--- Exercise goal ---
Down to the last line, set down the listing below exactly, apart from its pictures.

--- Data excerpt ---
=-=-=
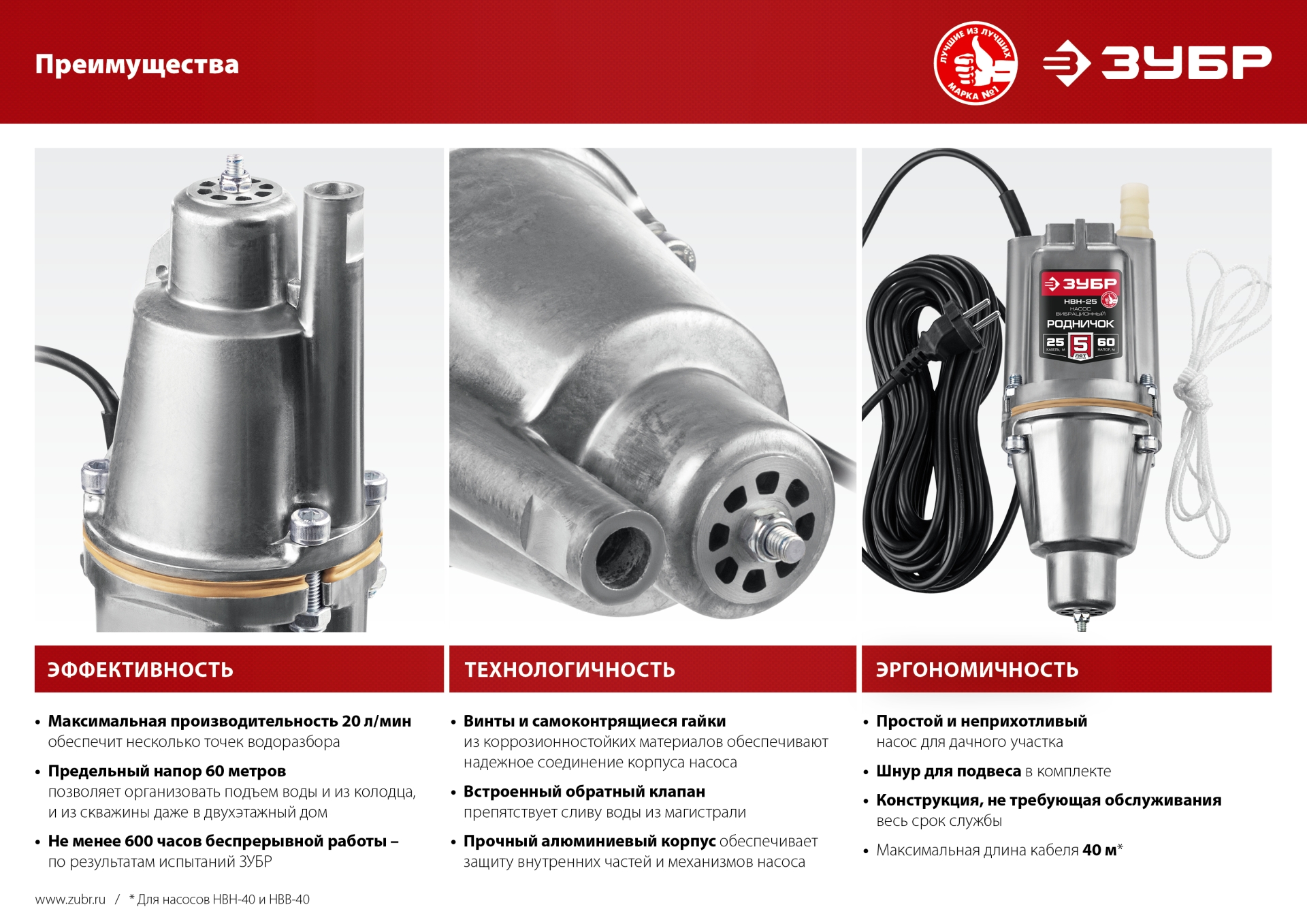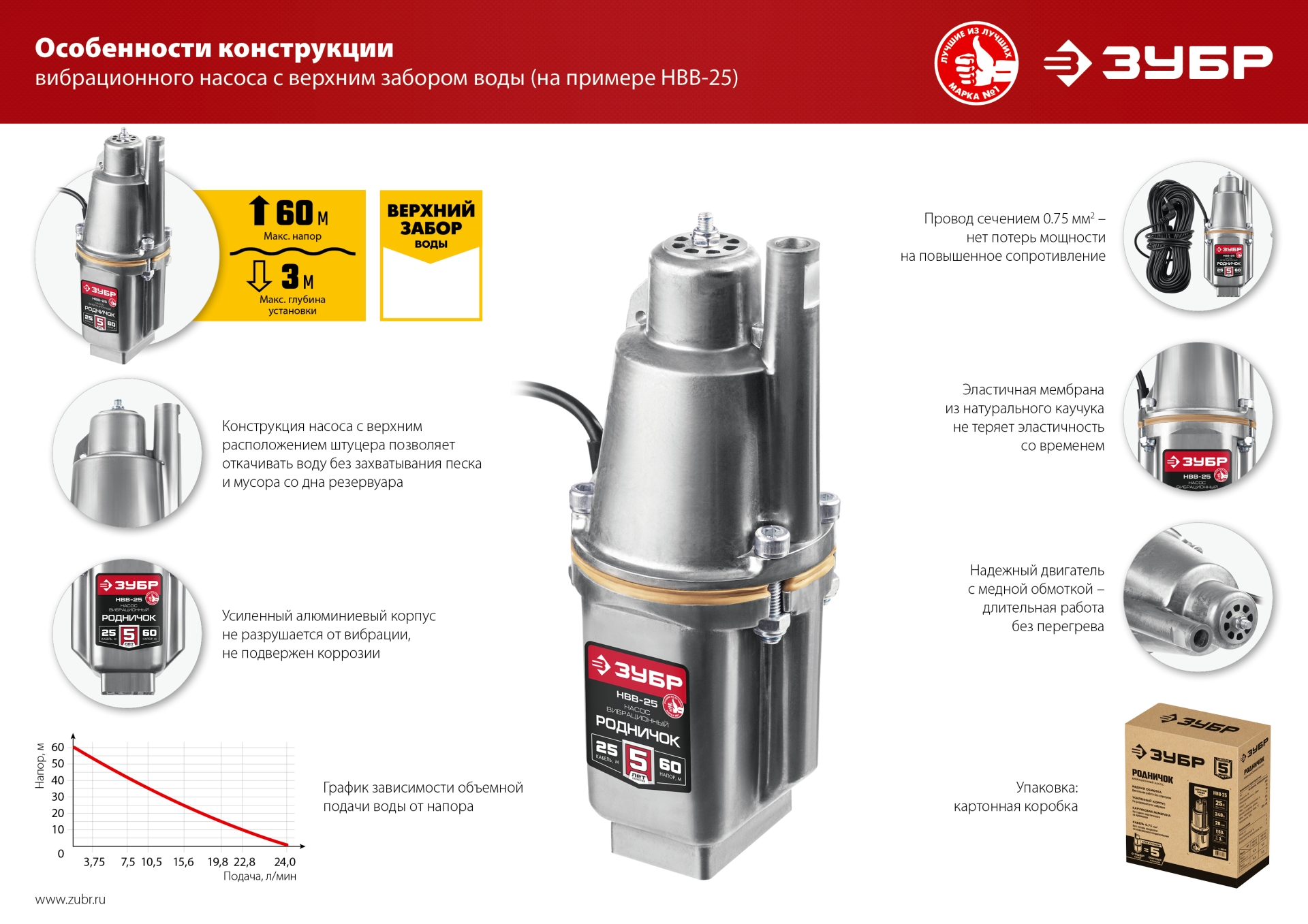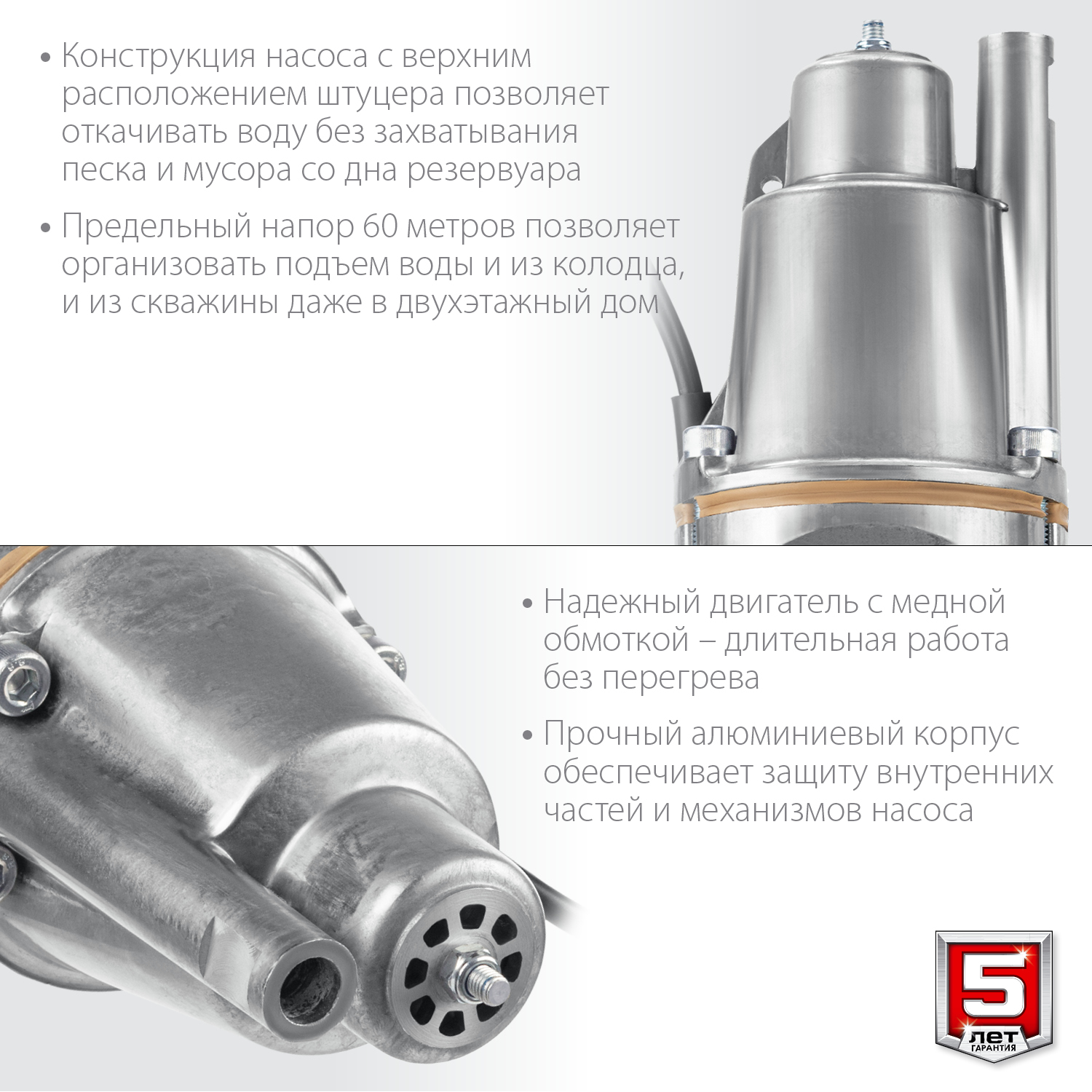 - Предельный Напор 60 метров позволяет организовать подъем воды и из колодца, и из скважины даже в двухэтажный дом
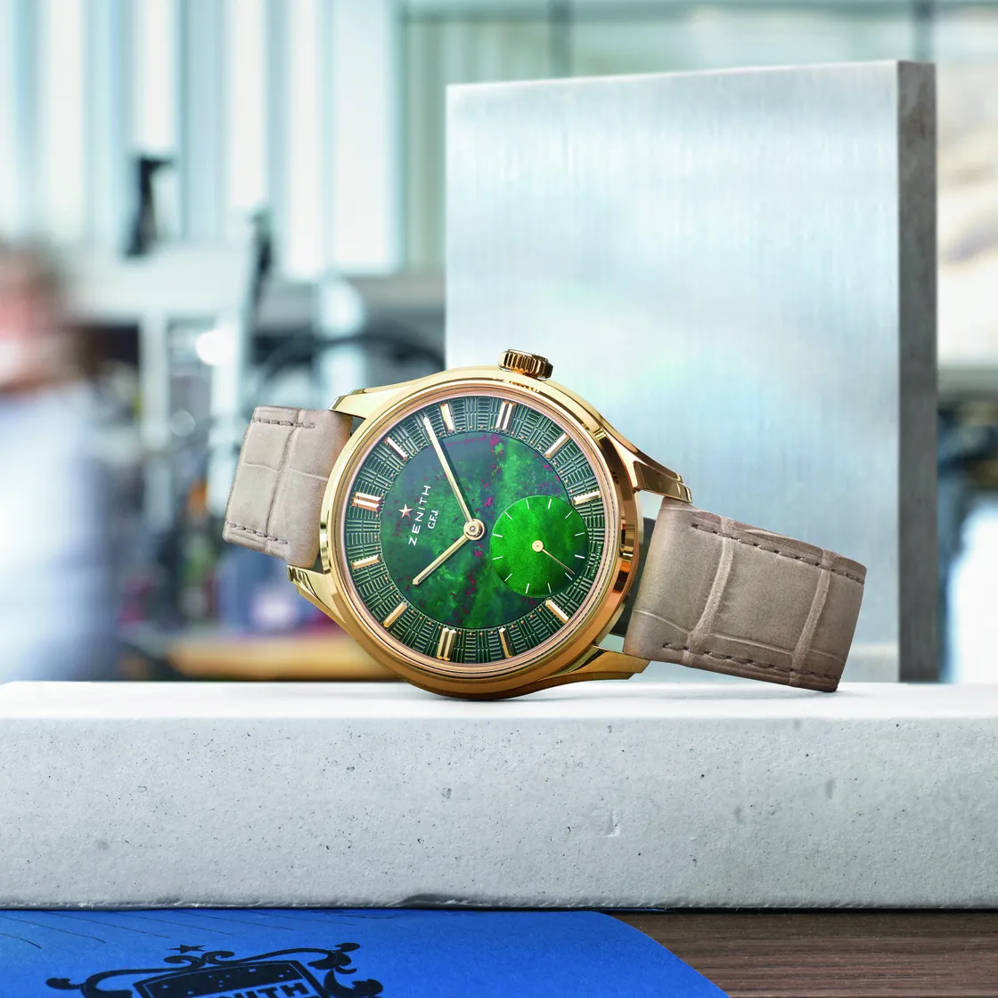 「G.F.J.」は、2025年のジュネーブウォッチグランプリで「クロノメトリー賞」を受賞したことで、その名声を高めました。ゼニスが積み上げた時間の専門性を体現するこの腕時計は、161本限定で新しいデザインが施されています。特に印象的なのは、ブラッドストーン文字盤とイエローゴールド製のケース。これにより、キャリバー135のストーリーがさらに豊かに表現されています。
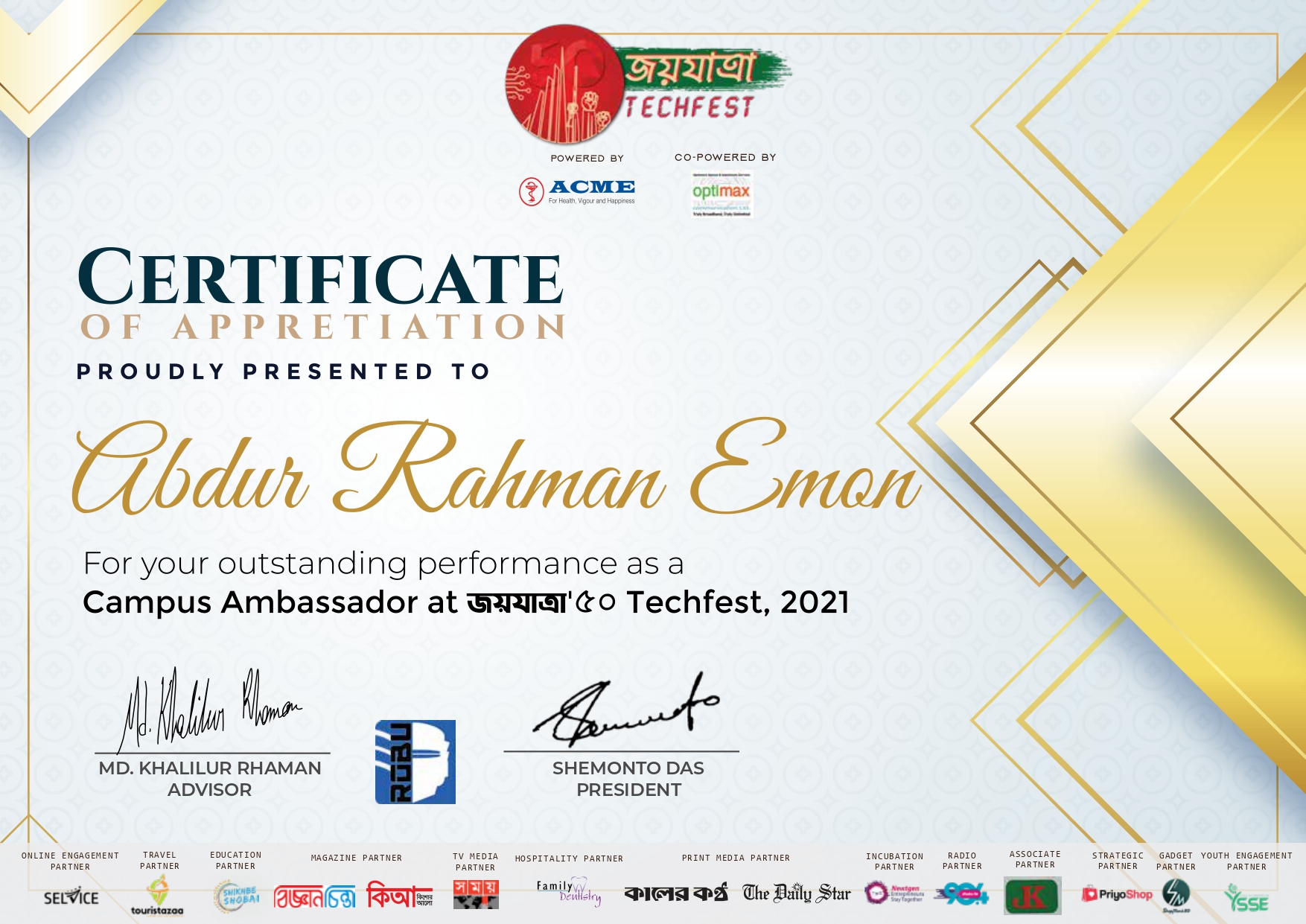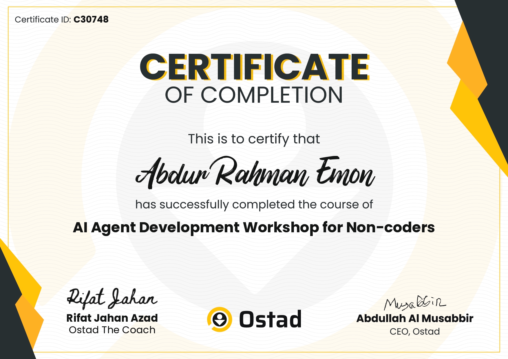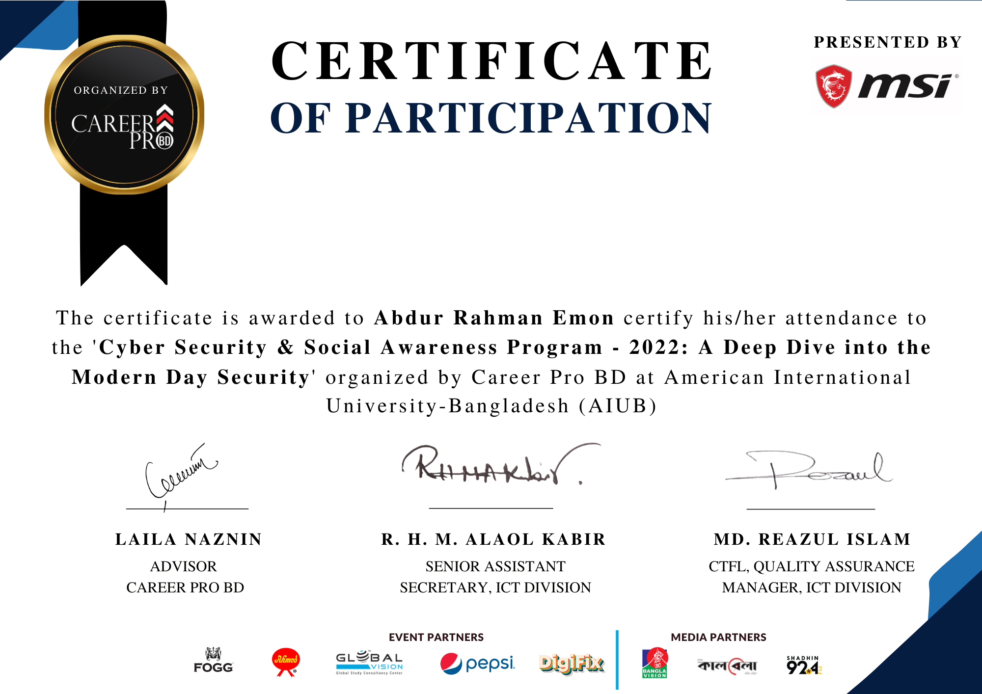 Achievements scroll to continue AllAcademicsExtra Curricular ActivitiesCoursesSummits & ConferencesOthers Dr. Anwarul Abedin Leadership Award at 21st Convocation of AIUB AI & Agility: A Comprehensive Introduction - Scrum Alliance Scrum Fundamentals Certified (SFC™) - SCRUMStudy Introduction to Generative AI: Art of the Possible - AWS Lead Like an Agilist: Time, Teams & Transformation - Startise PMI Certified Professional in Managing AI (PMI-CPMAI)™ - Project Management Institute Product-Led Fundamentals - ProductLed AI for Product Management - Pendo.io Google Cloud Security Summit 2025 Product Analytics Certification - Pendo.io Product Management Bootcamp - unbolt Academy AI Agent Development Workshop - Ostad AWS Summit 2025 (India) Next.js CONF 2023 Product Management - Great Learning Product Life Cycle Management - Great Learning Project Management - Great Learning Product Management 101 - Simplilearn Artificial Intelligence Micro-Certification - Product School PMP Certification: Project Management 101 - Simplilearn Art of Job Searching & Applications - Bohubrihi Product-Led Growth Micro-Certification - Product School Best Student Performance Award 2015 (SSC) - BSB Foundation Best Student Performance Award 2012 (JSC) - BSB Foundation Certificate of Excellence Award 2012 (JSC) - Panjeree AIUB Cyber Gaming Fest 2022 Jarvis 4.0 NASA International Space Apps Challenge 2023 Digital Bangladesh Mela 2023 International Conference on Computing Advancements 2020 NASA International Space Apps Challenge 2022 AIUB Cyber Gaming Fest 2019 Cyber Security & Social Awareness Program 2022 JoyJatra Tech Fest 2021 HUAWEI The Future of Mobile App Industry BUP Techsurgence 2019 YWCA 3rd Inter School Debate Competition 2010 MGBSDC Debate Competition and Workshop 2010 Fine Arts Competition 2007 NBPSC Poetry Competion 2007
=-=-=
--- Answer for the task ---
 - Предельный Напор 60 метров позволяет организовать подъем воды и из колодца, и из скважины даже в двухэтажный дом
 「G.F.J.」は、2025年のジュネーブウォッチグランプリで「クロノメトリー賞」を受賞したことで、その名声を高めました。ゼニスが積み上げた時間の専門性を体現するこの腕時計は、161本限定で新しいデザインが施されています。特に印象的なのは、ブラッドストーン文字盤とイエローゴールド製のケース。これにより、キャリバー135のストーリーがさらに豊かに表現されています。
 Achievements scroll to continue AllAcademicsExtra Curricular ActivitiesCoursesSummits & ConferencesOthers Dr. Anwarul Abedin Leadership Award at 21st Convocation of AIUB AI & Agility: A Comprehensive Introduction - Scrum Alliance Scrum Fundamentals Certified (SFC™) - SCRUMStudy Introduction to Generative AI: Art of the Possible - AWS Lead Like an Agilist: Time, Teams & Transformation - Startise PMI Certified Professional in Managing AI (PMI-CPMAI)™ - Project Management Institute Product-Led Fundamentals - ProductLed AI for Product Management - Pendo.io Google Cloud Security Summit 2025 Product Analytics Certification - Pendo.io Product Management Bootcamp - unbolt Academy AI Agent Development Workshop - Ostad AWS Summit 2025 (India) Next.js CONF 2023 Product Management - Great Learning Product Life Cycle Management - Great Learning Project Management - Great Learning Product Management 101 - Simplilearn Artificial Intelligence Micro-Certification - Product School PMP Certification: Project Management 101 - Simplilearn Art of Job Searching & Applications - Bohubrihi Product-Led Growth Micro-Certification - Product School Best Student Performance Award 2015 (SSC) - BSB Foundation Best Student Performance Award 2012 (JSC) - BSB Foundation Certificate of Excellence Award 2012 (JSC) - Panjeree AIUB Cyber Gaming Fest 2022 Jarvis 4.0 NASA International Space Apps Challenge 2023 Digital Bangladesh Mela 2023 International Conference on Computing Advancements 2020 NASA International Space Apps Challenge 2022 AIUB Cyber Gaming Fest 2019 Cyber Security & Social Awareness Program 2022 JoyJatra Tech Fest 2021 HUAWEI The Future of Mobile App Industry BUP Techsurgence 2019 YWCA 3rd Inter School Debate Competition 2010 MGBSDC Debate Competition and Workshop 2010 Fine Arts Competition 2007 NBPSC Poetry Competion 2007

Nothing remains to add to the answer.